RECORDS PROVIDED:
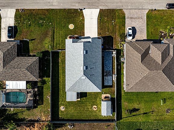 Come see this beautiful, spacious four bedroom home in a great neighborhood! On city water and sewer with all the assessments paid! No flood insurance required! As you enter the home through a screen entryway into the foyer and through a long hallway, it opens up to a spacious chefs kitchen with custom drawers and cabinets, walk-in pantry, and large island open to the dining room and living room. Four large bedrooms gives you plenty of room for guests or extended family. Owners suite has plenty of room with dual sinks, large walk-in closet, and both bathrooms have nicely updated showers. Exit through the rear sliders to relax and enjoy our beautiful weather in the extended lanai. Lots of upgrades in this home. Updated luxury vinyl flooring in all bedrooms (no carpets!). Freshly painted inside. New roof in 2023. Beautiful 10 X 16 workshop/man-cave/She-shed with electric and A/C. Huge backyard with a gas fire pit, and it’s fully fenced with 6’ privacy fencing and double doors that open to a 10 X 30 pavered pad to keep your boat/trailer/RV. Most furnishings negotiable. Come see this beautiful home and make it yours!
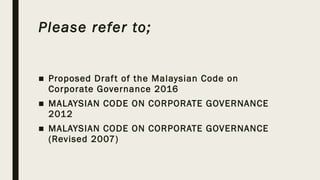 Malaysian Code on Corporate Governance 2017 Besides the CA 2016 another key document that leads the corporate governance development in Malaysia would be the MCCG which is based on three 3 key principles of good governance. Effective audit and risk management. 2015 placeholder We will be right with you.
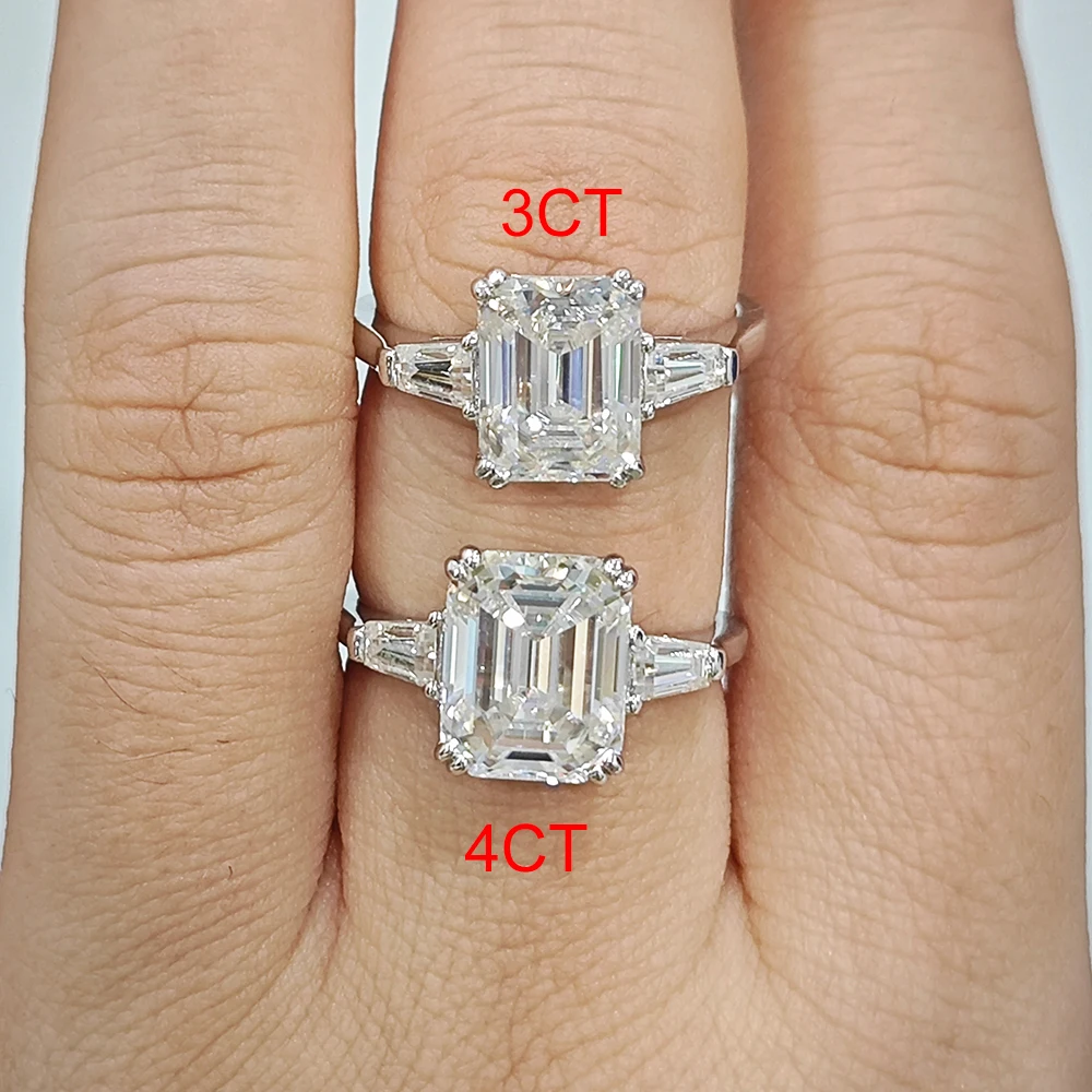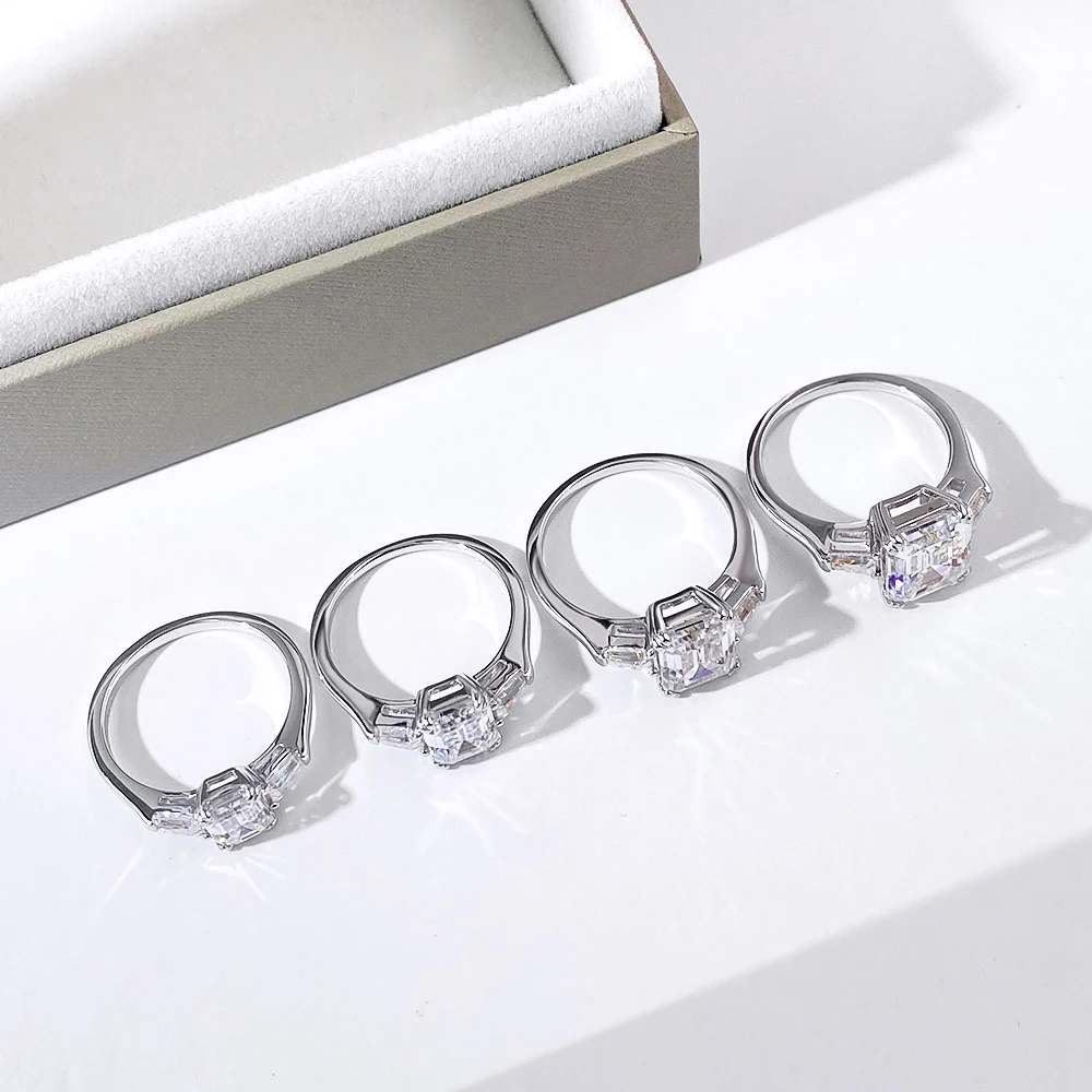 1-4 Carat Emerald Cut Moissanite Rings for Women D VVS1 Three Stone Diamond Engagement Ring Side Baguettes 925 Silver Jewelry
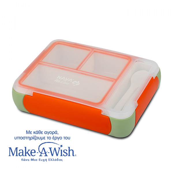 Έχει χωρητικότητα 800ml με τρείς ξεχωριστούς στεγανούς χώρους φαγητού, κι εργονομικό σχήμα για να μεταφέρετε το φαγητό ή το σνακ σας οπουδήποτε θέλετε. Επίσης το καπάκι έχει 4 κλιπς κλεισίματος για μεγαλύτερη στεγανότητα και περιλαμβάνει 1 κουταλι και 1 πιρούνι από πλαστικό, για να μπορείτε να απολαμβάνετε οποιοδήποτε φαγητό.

--

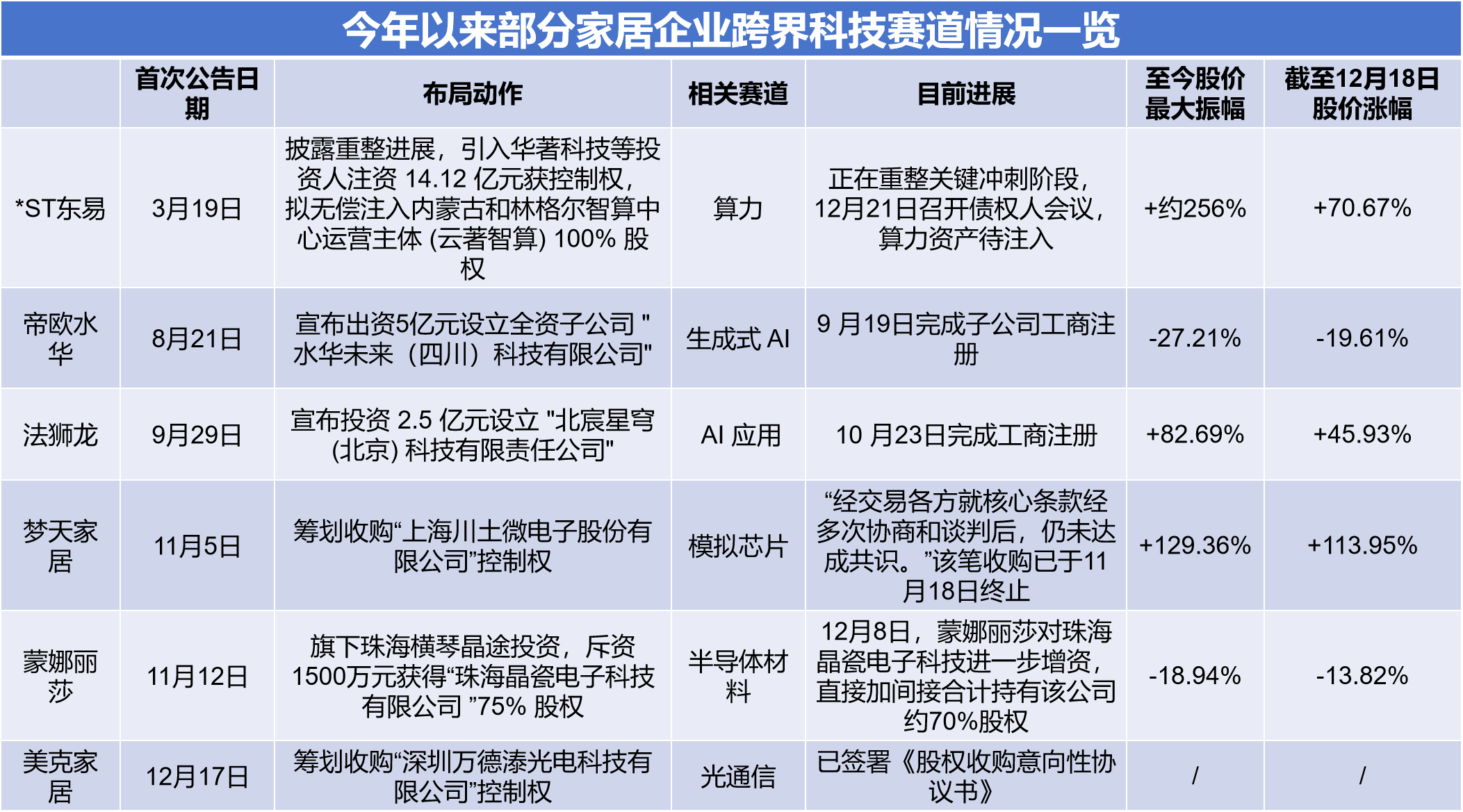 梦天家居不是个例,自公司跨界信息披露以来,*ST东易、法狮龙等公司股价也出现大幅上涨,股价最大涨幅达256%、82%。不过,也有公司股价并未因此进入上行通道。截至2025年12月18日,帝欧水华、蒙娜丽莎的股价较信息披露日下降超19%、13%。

WHAT IS REQUIRED: Everything from the line with "1-4 Carat Emerald" down to the line with "Έχει χωρητικότητα 800ml" in the data above should be copied exactly, with both end lines kept and the pictures left out.

EXPECTED ANSWER:
 1-4 Carat Emerald Cut Moissanite Rings for Women D VVS1 Three Stone Diamond Engagement Ring Side Baguettes 925 Silver Jewelry
 Έχει χωρητικότητα 800ml με τρείς ξεχωριστούς στεγανούς χώρους φαγητού, κι εργονομικό σχήμα για να μεταφέρετε το φαγητό ή το σνακ σας οπουδήποτε θέλετε. Επίσης το καπάκι έχει 4 κλιπς κλεισίματος για μεγαλύτερη στεγανότητα και περιλαμβάνει 1 κουταλι και 1 πιρούνι από πλαστικό, για να μπορείτε να απολαμβάνετε οποιοδήποτε φαγητό.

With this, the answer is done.